There is a connection that remains. It’s in my head. It’s not much, but it’s all I have, and as long as I can remember, I will.

4 thoughts on “The song that was my mother’s life

  1. I am so sorry for your loss, Mark. Your mother’s story is quite beautiful, especially the singing. That’s something that will stay with you always. It’s amazing what the sound of a particular piece of music can conjure. I have a tradition of sending this poem to people who have lost a loved one. It’s by Mary Oliver, and even though she wrote it for her father, I think it works for anyone who has lost someone they have dearly loved.

    Now is my father
    A traveler, like all the bold men
    He talked of, endlessly
    And with boundless admiration,
    Over the supper table,
    Or gazing up from his white pillow —
    Book on his lap always, until
    Even that grew too heavy to hold.

    Now is my father free of all binding fevers.
    Now is my father
    Traveling where there is no road.

    Finally, he could not lift a hand
    To cover his eyes.
    Now he climbs to the eye of the river,
    He strides through the Dakotas,
    He disappears into the mountains.
    And though he looks
    Cold and hungry as any man
    At the end of a questing season,

    He is one of them now.
    He cannot be stopped.

    Now is my father
    Walking in the wind,
    Sniffing the deep Pacific
    That begins at the end of the world.

    Vanished from us utterly,
    Now is my father circling the deepest forest —
    Then turning in to the last red campfire burning
    In the final hills,

    Where chieftains, warriors and heroes
    Rise and make him welcome,
    Recognizing, under the shambles of his body,
    A brother who has walked his thousand miles.

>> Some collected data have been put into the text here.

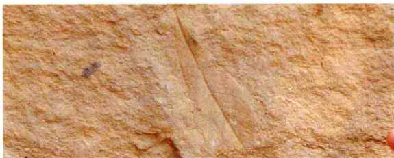
2500万年前的中华木兰化石

这里生发、演化，出现了花果的同时，包括宽叶木兰在内的许多山茶科近缘植物，也开始在这里繁衍生长，为茶树物种的孕育形成创造了条件。到新生代第三纪的中新世，波澜壮阔的喜马拉雅山造山运动开始了，经过漫长的历史时光，青藏高原高高隆起，横断山脉也随之出现，昔日几乎是一马平川的云南大地隆起成为了高原。到新生代第四纪，由于地球史上距今最近的一次大冰川期来临，许多喜温喜热的第三纪区系植物遭到破坏。云南的南部和西南部幸运地躲过了这次冰川袭击的浩劫，保留下了许多新生代第三纪遗存的物种，如滇南木莲、树蕨、鸡毛松、苏铁、古莲等，起源于第三纪早期的山茶植物也得以在这片土地上继续滋生、演化、繁盛起来。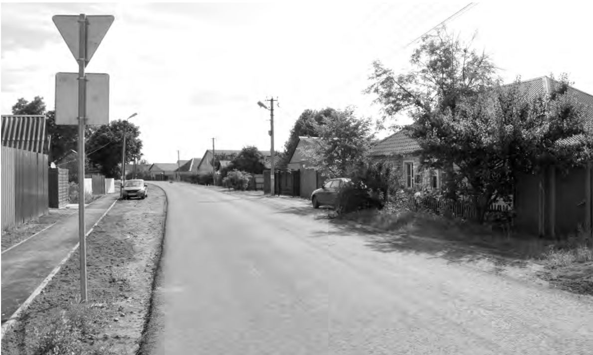
Это же место сейчас.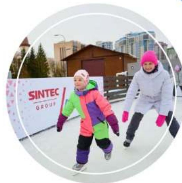
Каток у Дома ученых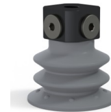
Riferimento variante: 96 52NR 18D-3-BD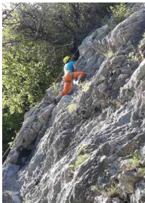
Herrliche Sportklettereien rund um Triest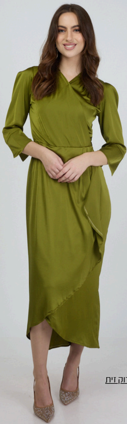
שמלת מעטפת סאטון - ירוק זית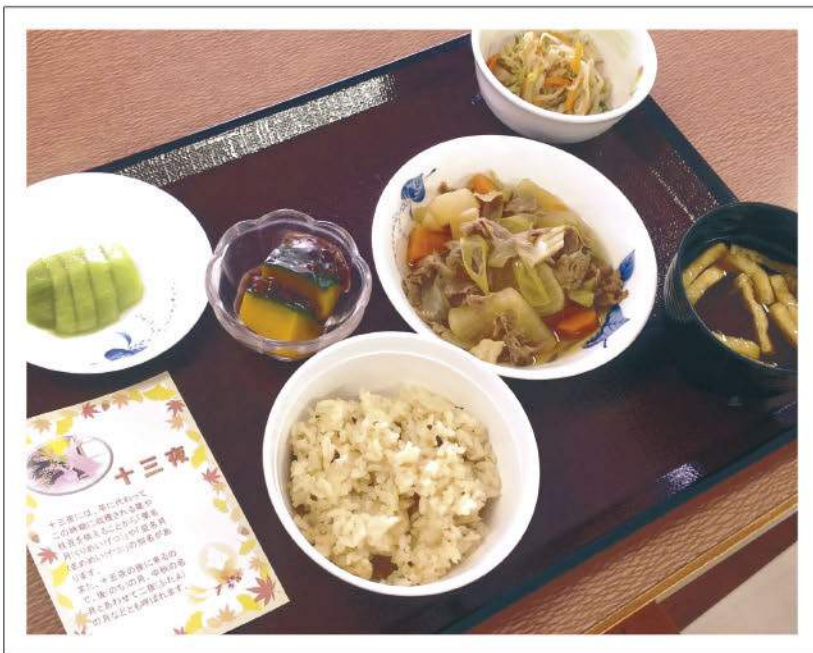
栄養管理センターでは、糖尿病、脂質異常症、胃切除を受けた方などの栄養指導、【外来・入院】食に対して不安を感じている患者さんに対する栄養相談を随時行なっています。お気軽にご相談ください。〔D棟2階 栄養管理センター〕

きのこご飯、牛肉と大根の旨煮、もやしとしそ和え、南瓜のいとこ煮、味噌汁、キウイフルーツ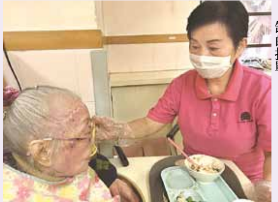
●香港面對安老院舍護理人手短缺的挑戰。

三千元的起薪點增加至一萬五千元至一萬六千元，這樣才具市場競爭力。同時又建議政府目光要長遠，多宣傳敬老護老是有使命的光榮工作，開設長遠培訓學院及銜接課程，鼓勵照顧員完成基礎課程後，仍可以繼續進修，最終能夠與登記護士接軌，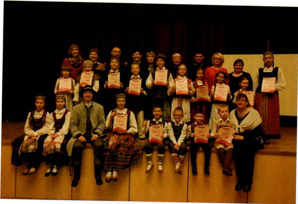
13 pav. Konkurso „Tramtatulis“ dalyviai

konkurso „Tramtatulis 2017“ vietinį turą. Jo metu Dzūkijos regiono kūrybą pristatė vaikai ir moksleiviai iš Alytaus miesto ir rajono.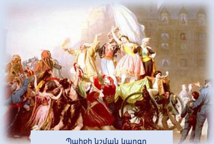
Պահքի նշման կարգը

Մինչ Չատիկէն առաջ՝ Հայ Եկեղեցին 40 օր պահք կը տնօրինէ, Յիսնակաց պահքը կը վերածուի միայն 5 օրուայ, սկսելով առաջին երկուշաբթիէն մինչեւ ուրբաթ օրը: Յիսնակաց շրջանի մնացեալ բոլոր օրերը կարելի է սուրբերու տօնակատարութիւն ընել, եւ պահք ու ծոմ չընել: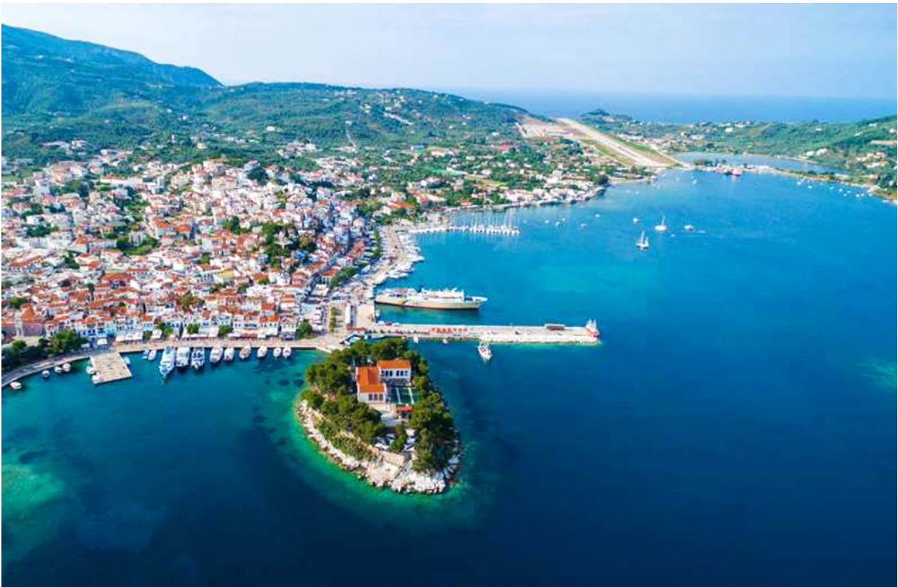
Рис. 3. Місто Скіатос, вид на порт та аеропорт

селища з багатою туристичною інфраструктурою. Жителі острова переважно задіяні у сфері туризму, сільського господарства та рибальства (рис. 3) [5, 6].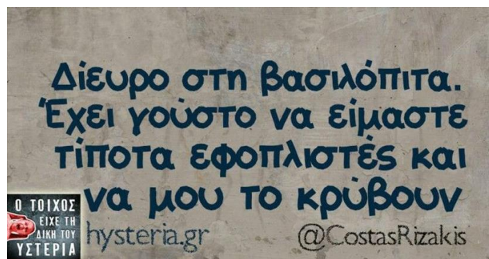
Εικόνα 3. Διαδικτυακό μίμιο σχετικό με το Δωδεκαήμερο ( https://gr.pinterest.com/pin/475270566906605872/ ) (τελευταία ανάκτηση 26/10/2021)

Αρκετά ήταν και τα μίμια που αφορούσαν τα κάλαντα (7 από τα 59), καθώς είναι ένα έθιμο, το οποίο αναβιώνει στην εποχή μας πολύ έντονα. Βέβαια σε κάποια από τα μίμια διαφαίνεται μια ενόχληση σχετική με αυτό το έθιμο καθώς σε πολλά στίγια τα παιδιά που λένε τα κάλαντα δεν είναι ευπρόσδεκτα ή υπάρχει κάποια κριτική ως προς την εκτέλεση των τραγουδιών ή την αμφίεσή τους. Ακολουθούν τα μίμια που σχετίζονται με το έθιμο της Βασιλόπιτας (5 από τα 59), τα οποία αναφέρονται κυρίως στο φλουρί και στην κατανάλωση του εδέσματος (Εικόνα 3) και τα μίμια που σχετίζονται με το δώρο που θα φέρει ο Άγιος Βασίλης (4 από τα 59), αναφερόμενα κυρίως στην τιμή του δώρου και ακολουθώντας έτσι τα καταναλωτικά πρότυπα.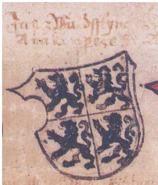
Obr. 3 Erb Jana z Valdštejna bez tinktur a kovu v poli, faksimile Rychnovské kopie

intenzivních sytých barev a v některých případech lze i na faksimile pod začerněním pozorovat prosvítající modrou barvu.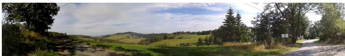
Obrázek 15 – Krajina v okolí Palvínova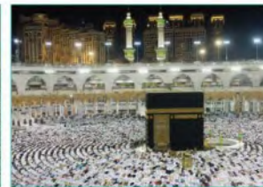
• مكة المكرمة

  2. A wonderful tribute to your mother, Mark. Very sorry for your loss. I know how difficult it is to let go even when the time seems right to do so. I’m sure that she did know and understand even though it may have been hard to tell. That feeling of loss of connections and that a part of me is so familiar. Many of my own connections seem to have been severed — drifting increasingly further. I agree that the one connection that remains is that which is part of us. So long as we remember, that connection, tenuous as it is, carries on.

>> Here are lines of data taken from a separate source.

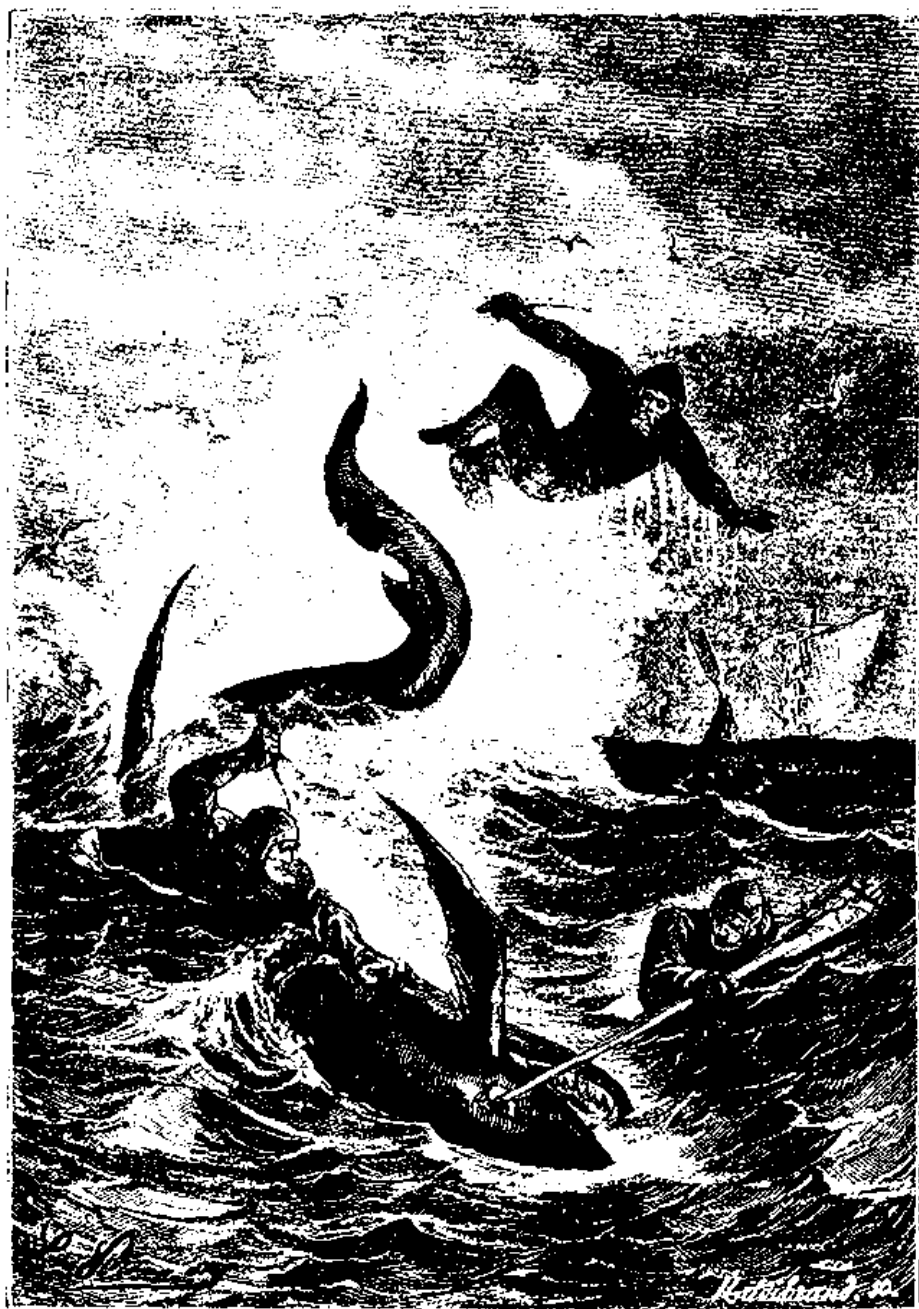
سون بدريا افتاد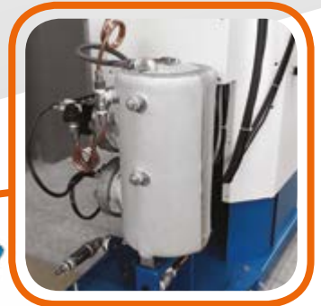
Caldia coibentata da 7 litri con pompa carico automatico inclusa nel tavolo. 7-liter boiler with automatic loading pump included in the table.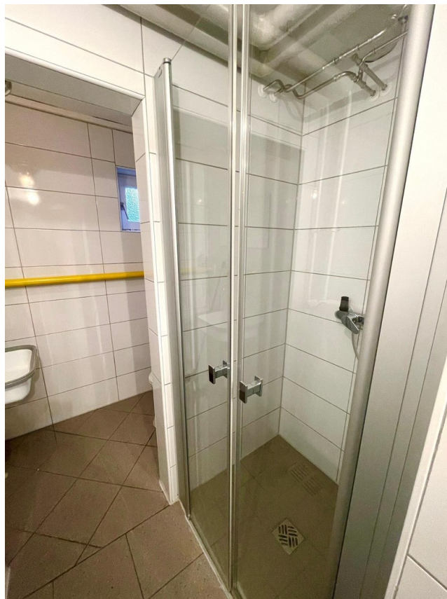
WC mit Dusche Keller

  3. Robin Andrea, Bev, thanks.

    Robin, it’s funny that you posted that poem, because after my father died, I had the feeling that he had been freed, at least in my mind, to become the man I remembered, an older but still vigorous and active man. I didn’t think of him as the shrunken, almost shell of a man his condition (and the treatment for his condition) had made him.

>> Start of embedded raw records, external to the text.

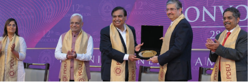
ವಿಶ್ವವಿದ್ಯಾಲಯದಿಂದ ಹೊರಹೋದ ತಕ್ಷಣ, ನೀವು ಇನ್ನೂ ದೊಡ್ಡದಾದ 'ಯೂನಿವರ್ಸಿಟಿ ಆಫ್ ಲೈಫ್' ನಲ್ಲಿ ಪ್ರವೇಶ ಪಡೆಯಬೇಕಾಗುತ್ತದೆ. ಅಲ್ಲಿ ಕ್ಯಾಂಪಸ್ ಇರುವುದಿಲ್ಲ, ತರಗತಿ ಇರುವುದಿಲ್ಲ ಮತ್ತು ಬೋಧನಾ ಶಿಕ್ಷಕರು ಇರುವುದಿಲ್ಲ. ನೀವು ನಮ್ಮ ಸ್ವಂತ ಜೀವನದಲ್ಲಿ ಮುಂದೆ ಸಾಗಲು ಸಾಧ್ಯವಾಗುತ್ತದೆ ಎಂದರು. ಪ್ರಧಾನಿ ನರೇಂದ್ರ ಮೋದಿಯವರನ್ನು ಶ್ಲಾಘಿಸಿದ

'ನಾನು ನಮ್ಮ ಯುವ ವಿದ್ಯಾರ್ಥಿಗಳಿಗೆ ಒಂದು ಸಲಹೆ ನೀಡಲು ಬಯಸುತ್ತೇನೆ. ಕೃತಕ ಬುದ್ಧಿಮತ್ತೆಯನ್ನು ಸಾಧನವಾಗಿ ಬಳಸುವಲ್ಲಿ ಒಬ್ಬರು ಪ್ರವೀಣರಾಗಿರಬೇಕು ಆದರೆ ನಮ್ಮ ಬುದ್ಧಿವಂತಿಕೆಯನ್ನು ಬಳಸುವುದನ್ನು ನಿಲ್ಲಿಸಬೇಡಿ. ನೀವು ಈ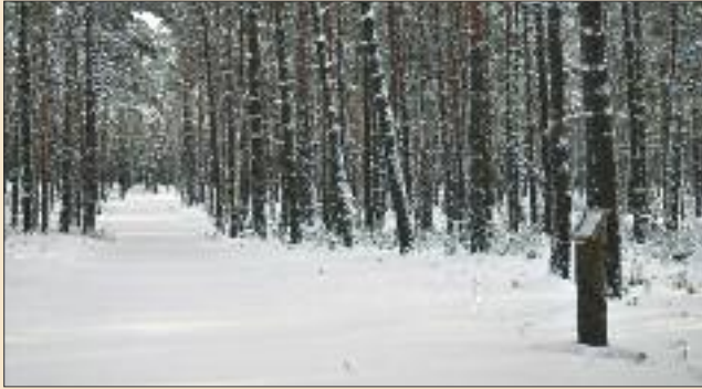
■ Die Lesefährte durch den Wald soll erweitert werden.

wagt sich an die Übergänge und Gelenke zwischen den einzelnen Künsteln und überschreitet Grenzen.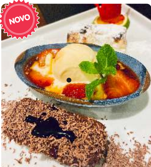
150. MENU DEGUSTAÇÃO 03 Mini Delícias do Chef R$ 42

151. Banana Crispy com sorvete de creme e calda de frutas vermelhas .....R$ 30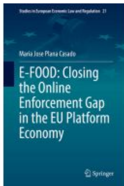
E-FOOD: Closing the Online Enforcement Gap in the EU Platform Economy Ladenpreis: 142,99EUR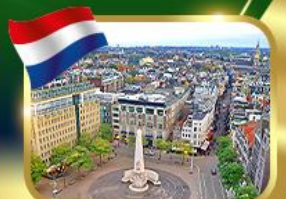
จัตุรัสดันสแควร์ อัมสเตอร์ดัม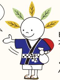
厚別イベントキャラクター ピカツトくん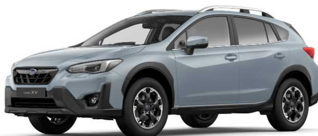
Cool Grey Khaki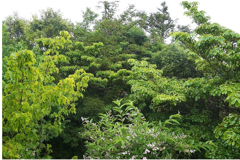
| 台灣紅榨楓與昆欄樹

指標樹昆欄樹，胸圍 172 公分。三角點植物有西施花、南燭、青楓、台灣紅榨楓、薄葉鈴木、玉山杜鵑、玉山糯米樹、杉木、大葉溲疏、山櫻花、毬子櫟、厚葉鈴木、狹葉櫟、玉山假沙梨、台灣杜鵑，外圍全是柳杉造林。原路折返，經石麻達山、海豚石、夫妻樹至岔路口，右線經屯野生台山，選擇左線則返回田埔產業道路。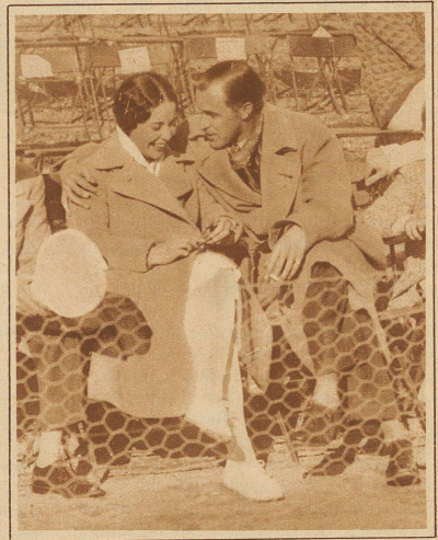
Ob daraus wohl eine Verlobung wird? Der amerikanische Tennischampion Tilden mit der deutschen Meisterspielerin Cilly Aufer in Nizza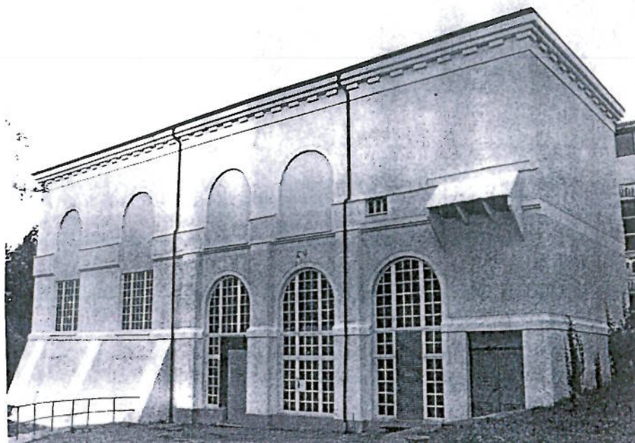
Kraftverket från sydväst

År 1916 var det nuvarande kraftverket färdigt. Fabriken hade från starten haft ett engelsk-tillverkat vattenhjul, placerat i fabriken för att driva spinnmaskinerna. Detta ersattes så småningom av turbiner. Kraftverket, som placerades vid ett nyanlagt vattenintag har spritputsade fasader och stora fönsteröppningar samt ett flackt tak. Stilmässigt går stationen tillbaka till samtida amerikanska anläggningar och är utformad i tjugotalsklassicistisk stil.

    Another funny thing happened today. This afternoon my brother and I were discussing stories of my mother with the minister who’s doing the memorial service, and my brother said that earlier he and the minister had decided to have a lot of music in the service because she loved music so much. They came up with that independently of me and my unconscious substitution of “song” for “story” for this post.

  4. That’s a very nice story, and song, about your mother, Mark. I’m sorry for your loss.

    The song and music serendipity surely would have pleased her!